Finally, we also have a desire to ship a high quality and robust implementation of the math special functions, since libc++ is used in important real world applications. Identifying that we’ll ship a better implementation if we reuse Boost.Math (until we can do better) is IMO a good engineering decision. “NIH” has no place here, not just for the sake of it.

It is a demonstration that this community operates by RFCs for non-trivial decisions, and that we care to gather feedback from stakeholders instead of just assuming the right approach. It is true that we could have implemented this without a RFC and nobody would have noticed because there is effectively no change to the physical requirements to build libc++. However, that would not have been up to the standards of this community when it comes to maintaining trust and communication with our stakeholders, because including a new (compatible) license into compiled code is something new for libc++. So I think that a RFC is useful, even if it ends up serving mostly as a communication mechanism.

Finally, a meta point. I feel like the way you approached this RFC somewhat undermined your goal. We’re obviously reasonable and we wanted to gather feedback so we opened a RFC. But jumping on this forum (for the first time? welcome!) and making bold absolute claims lacking a technical justification is not typically the best way to convince people in this community, instead it tends to discredit the person who holds these views.
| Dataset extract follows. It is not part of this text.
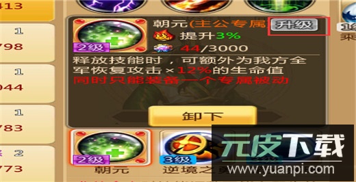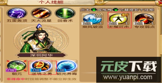 主公与武将均拥有专属技能,专属技能可升级,共分五个档次,效果随等级提升而增强。

So I’ll reiterate: if you have concrete concerns about this proposal, please let us know and explain what’s problematic about it. Is there an issue with the code being in a different directory? Is there a problem with the license? Do you have maintainability concerns? Nothing is off limits, but we need something concrete to talk about.

10 Likes

You asked for my feedback and then criticized me when I gave it to you. Please go back and read my comment for my concrete concern, if you want it. If you don’t actually care about my feedback, then just be honest and say that you don’t care, or better yet, don’t ask for it in the first place.

A core assumption people tend to make is that “feedback“ means “constructive feedback”. So far your feedback hasn’t been constructive, since you didn’t provide any technical reason this is a problem for you. The reason this RFC exists is that we do something novel, namely including code that is under a different license. The code will simply be included in a TU that is built just like any other libc++ TU. Coming in and claiming

makes it look like you didn’t even care to read the original RFC. Then claiming that we don’t care about feedback is just digging the hole deeper. Other people were perfectly capable of giving constructive feedback in the form of clarifications and concerns (specifically regarding the static library build, which I did in fact not consider before).

10 Likes

Thanks you @ldionne for a thoughtful and well written proposal.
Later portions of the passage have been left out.